Data Structure Lecture Note (Week 6, Lecture 17)

Principles for designing DP algorithm

Principle 1:

Only depending on the problem i.e. problem of smaller scale

Optimal subproblem structure (substructure): your combination of subproblems should cover all the cases of the possible optimal solutions for the super-problem; and the optimal solution of the super problem should fall into at least one of the optimal subproblem solutions

Principle 2:

If the algorithm you design needs to choose among all possible optimal solutions of a particular subproblem, then it is very likely it is not going to be a working dynamic programming solution.

Principle 3:

If you fee hard to write recursion, try to add more constraints to your subproblem definitions (make your subproblems smaller). In this case you may make more subproblems.

Maximum continuous sum problem

input: an array A of integers

Output: a continuous subarray of A such that the sum of the numbers are maximized

Subproblem: R[j] = maximum sum up to j’th index, and use j’th number

Again here we use the trick that add additional constarints to the subproblem so that the structure of the recursion is easier

$R[j] = \max {R[j-1]+A[j], A[j] } $

O(N)

Longest Commone Subsequence (LCS)

Given two sequences of letters, try to find the LCS between them

e.g. A = acefddbec

​ B = fceeddbda

ceddb is the LCS

Subsequence doesn’t have to be continuous!

Subproblems:

R(j, k) is the LCS problem of A[0,…,j] and B[0,…,K]

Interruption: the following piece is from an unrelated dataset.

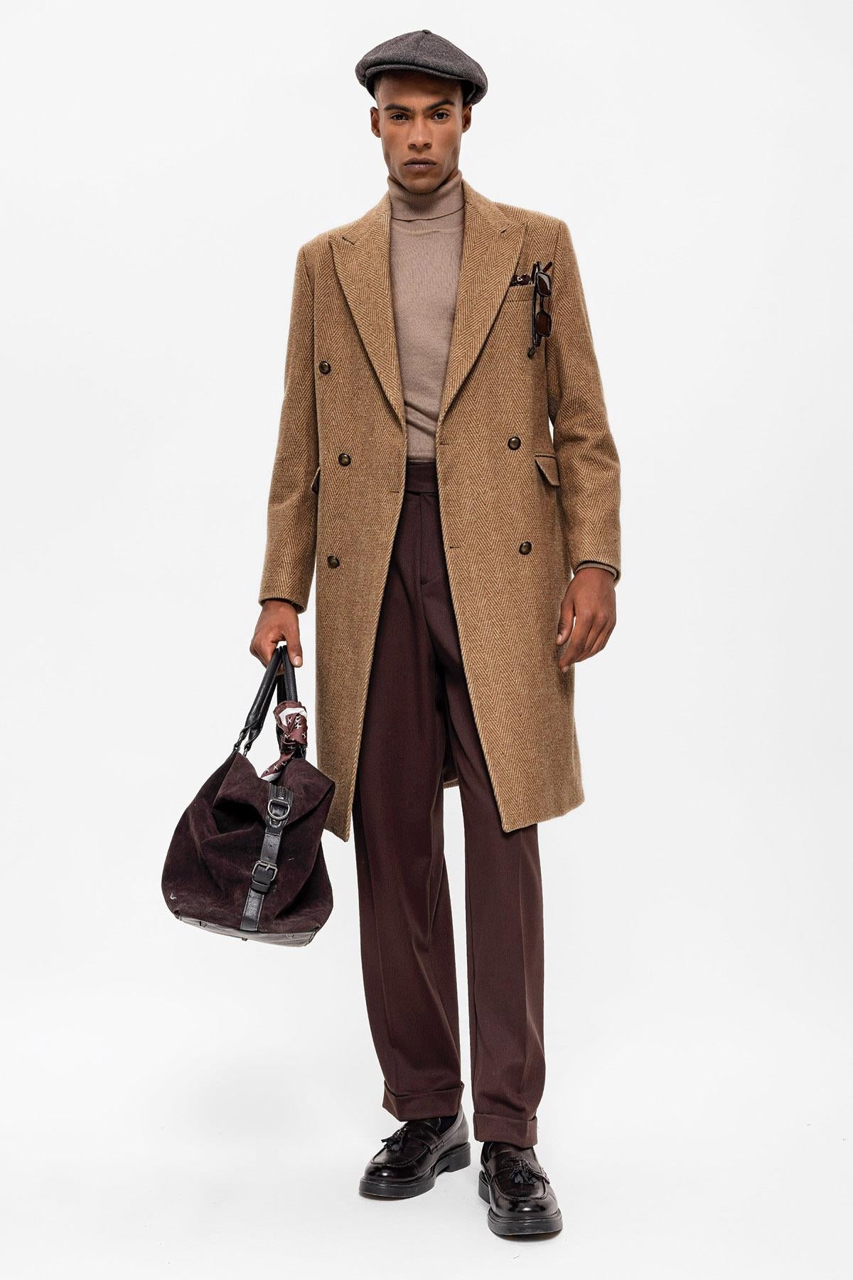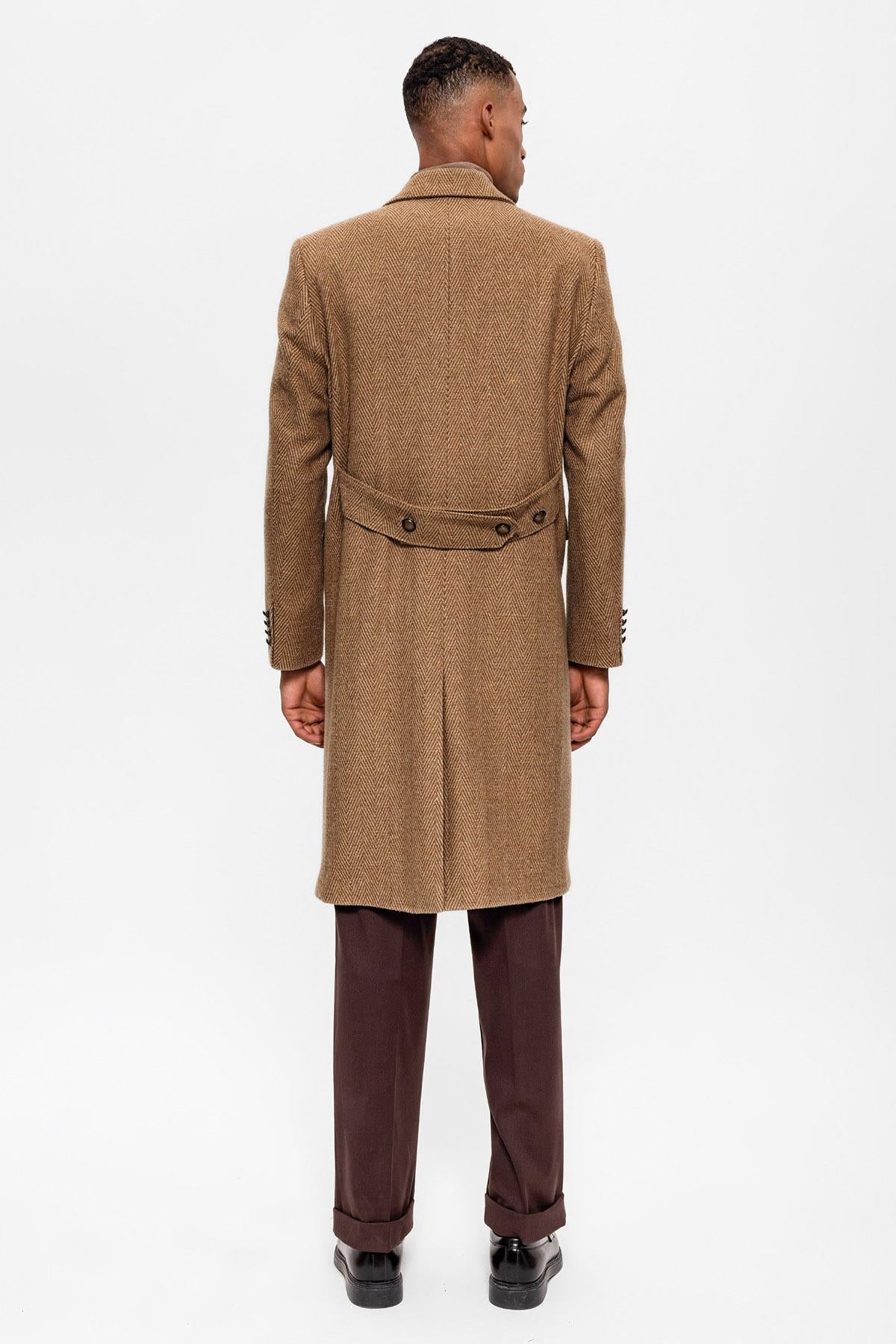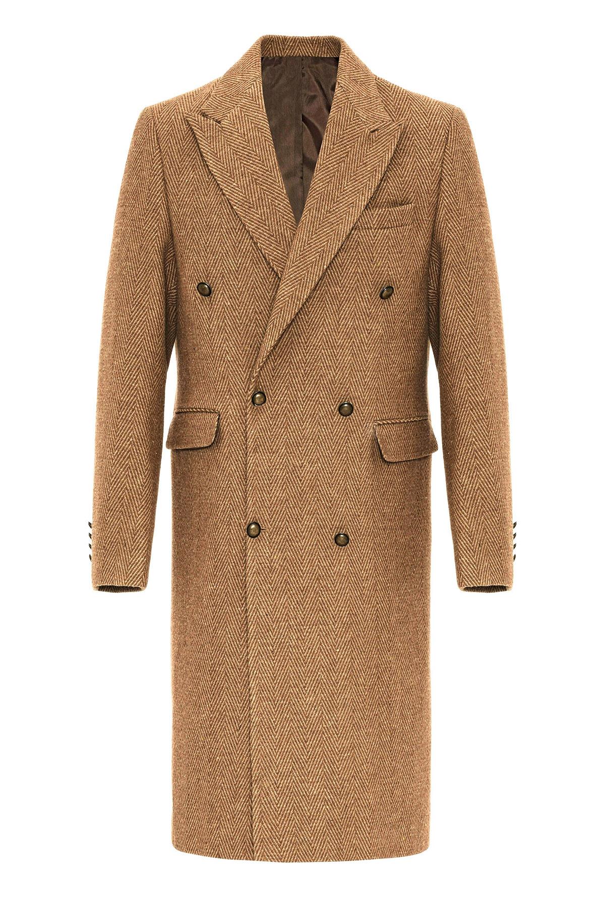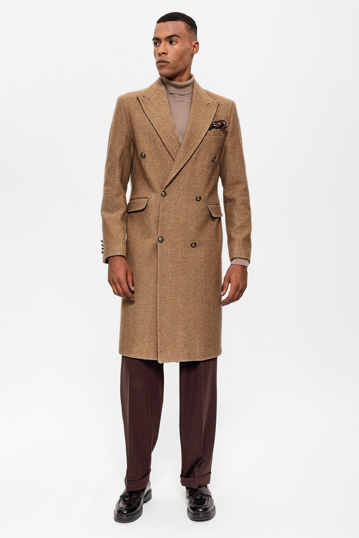 Camel Balıksırtı Desenli Kruvaze Erkek Kaban

Let’s use R(j,k) to denote the length of maximum LCS from A[0…j] and B[0…k]

what’s the recursion?

dp[i, j] = max( dp[i, j-1], dp[i-1, j], dp[i-1, j-1] + int(A[i] == B[j]) )

Stone Pile Merging Problem

There are N piles of stones in a line, each of weight W[i], you are asked to merge the stone in the following way: you can only merge two neighbor stone pile into a new one, the merging cost is the sum of weight of each pile, the weight of the new pile is the sum of the weight

Ouput: find the best way to merge the piles into one with minimum cost

The greedy algorithm won’t work (it’s hard to prove or disprove! )

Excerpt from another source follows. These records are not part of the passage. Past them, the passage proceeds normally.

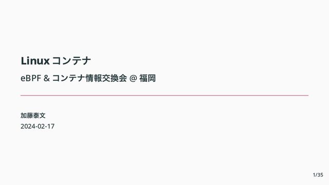 「eBPF & コンテナ情報交換会 @ 福岡」の発表資料です。 参考となる情報にはPDF中からリンクをしていますが、資料中のリンクは Speaker Deck 上ではクリックできないので PDF をダウンロードしてご覧ください。 デモの動画は https://asciinema.org/a/BbYcyk5vaFXk5RbOXWStDvj2Y です。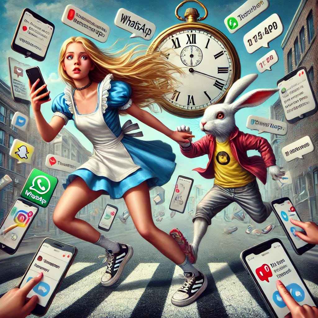 Vivemos o zeitgeist da falta. Uma ausência sem nome nos assombra, como se estivéssemos sempre atrasados para um compromisso desconhecido. Corremos como o coelho branco de Alice, olhando para o relógio, sem saber para onde vamos.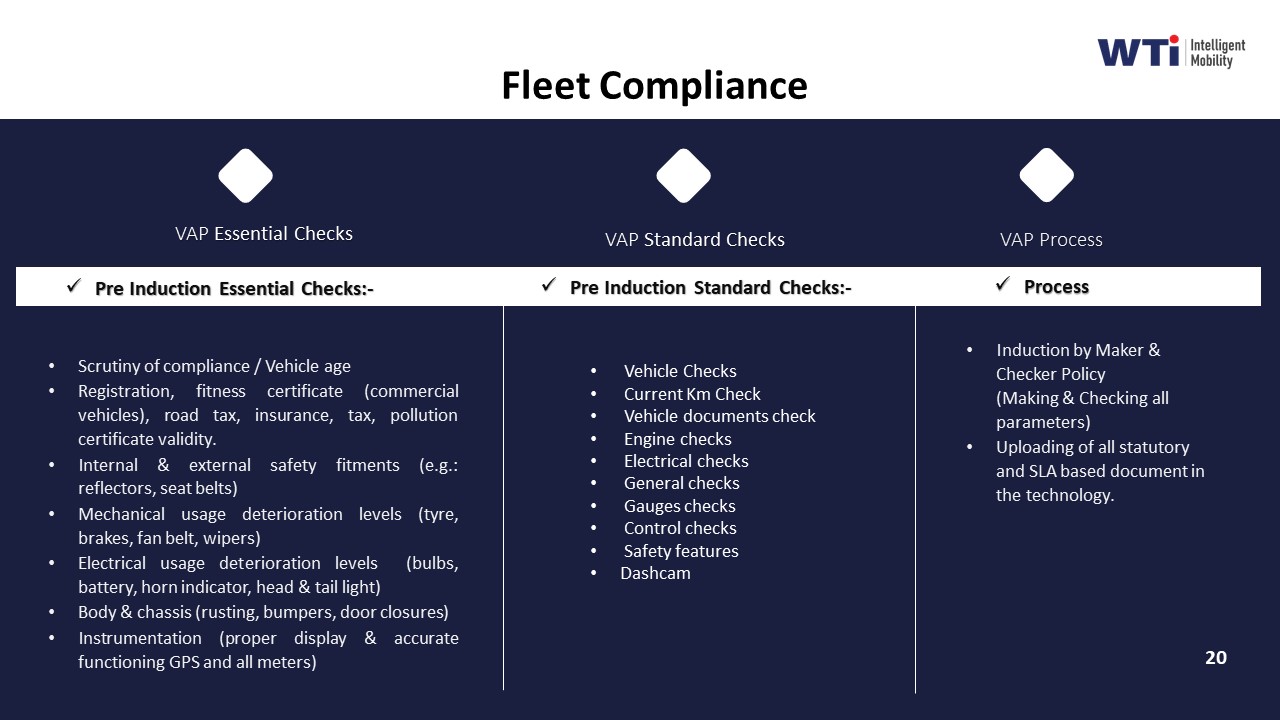 Procurement can require a documented Driver Assessment & Selection Procedure that includes VIVA, written, and practical tests, plus a defined background-check package covering address, criminal, license, credit, database checks, court records, and medical fitness. The driver compliance collaterals indicate a nine-step verification stack and a DASP framework, which can be converted into annexures and minimum onboarding standards. Contracts can mandate that no driver is rostered until all checks are marked “clear” in a centralized compliance management system with maker–checker controls and document upload logs.

Subproblem: dp(j ,k): the minimum cost of merging A[j … k]

$dp(j,k) = \min_{j\le l\le k} { dp(j,l) + dp(l+1, k) + w(j,…,k) } $

Note on implementation:

Perhaps you want the length at the outest loop

for len = 0, ..., N-1
	for j = 0, ..., N-len-1
		k = j+len
		for b = j,...,j+len-1
			dp = min (...)

https://leetcode-cn.com/problems/minimum-cost-to-merge-stones/

Maximum matrix block sum problem

Problem: you are given a matrix with integer numbers, find a block of submatrix such that the sum in that matrix is maximized

It could be done in $O(N^3)$O(N3)!

Naïve algorithm gives $O(N^6)$O(N6)

First improvement:

S[a,b,c,d] sum of the matrix with left upper (a,b) to right bottom (c,d)

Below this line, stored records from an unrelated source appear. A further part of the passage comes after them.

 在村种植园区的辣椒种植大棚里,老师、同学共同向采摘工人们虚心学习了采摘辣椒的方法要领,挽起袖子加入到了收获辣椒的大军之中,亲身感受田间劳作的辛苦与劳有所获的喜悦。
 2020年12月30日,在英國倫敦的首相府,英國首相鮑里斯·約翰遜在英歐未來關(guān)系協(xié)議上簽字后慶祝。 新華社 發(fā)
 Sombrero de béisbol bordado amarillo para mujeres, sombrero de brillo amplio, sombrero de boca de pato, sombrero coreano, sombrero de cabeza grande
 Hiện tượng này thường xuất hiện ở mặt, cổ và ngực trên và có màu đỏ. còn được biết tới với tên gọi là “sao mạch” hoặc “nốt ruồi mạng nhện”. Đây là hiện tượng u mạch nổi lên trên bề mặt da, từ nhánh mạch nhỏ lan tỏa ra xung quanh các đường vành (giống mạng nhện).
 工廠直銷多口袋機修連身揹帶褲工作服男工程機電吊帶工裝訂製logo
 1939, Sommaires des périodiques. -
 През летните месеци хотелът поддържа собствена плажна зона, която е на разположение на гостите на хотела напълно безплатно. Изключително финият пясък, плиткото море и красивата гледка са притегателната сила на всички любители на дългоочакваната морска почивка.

S[a,b,c,d] = S[a,b,c-1,d] + ( S[c,0,c,d] - S[c,0,c,b-1] )

For each j, S[j,0,j,x] can be calculated in O(N) time for all x from 1 to N

So this is a O(N^4) algorithm

Any further improvement?

Second Improvement

Let’s have two row indices x and y, for rows between x and y, assume we know the sum C(x,y,j) = S[x,j,y,j]

then we can use O(N) time to find the best block if we force the submatrix has to start from x row and ends in y row.

This is an O(N^3) algorithm

Note, C(x,y,j) can be calculated from C(0,y,j) - C(0,x-1,j) which takes O(N^2) time to fill

Building blocks problems

You are given N wooden blocks, each with a weight Wi and a strength Si for each item i

Please find a way to stack the blocks such that the strength of a block should be larger or equal to the sum of the weights above this block and we want to maximize the number of blocks that are put into the stack

Solution: first sort by S+W.

Now let P[U, K ] be the problem that uses 1 to U items to stack and pick K items, and P[U,K] stores the minimum weight of picking K items.

The best solution is largest K such that P[N, K] has a valid value

P[X, Y] initialized to infinity

P[J, 0] = 0 for any J >= 0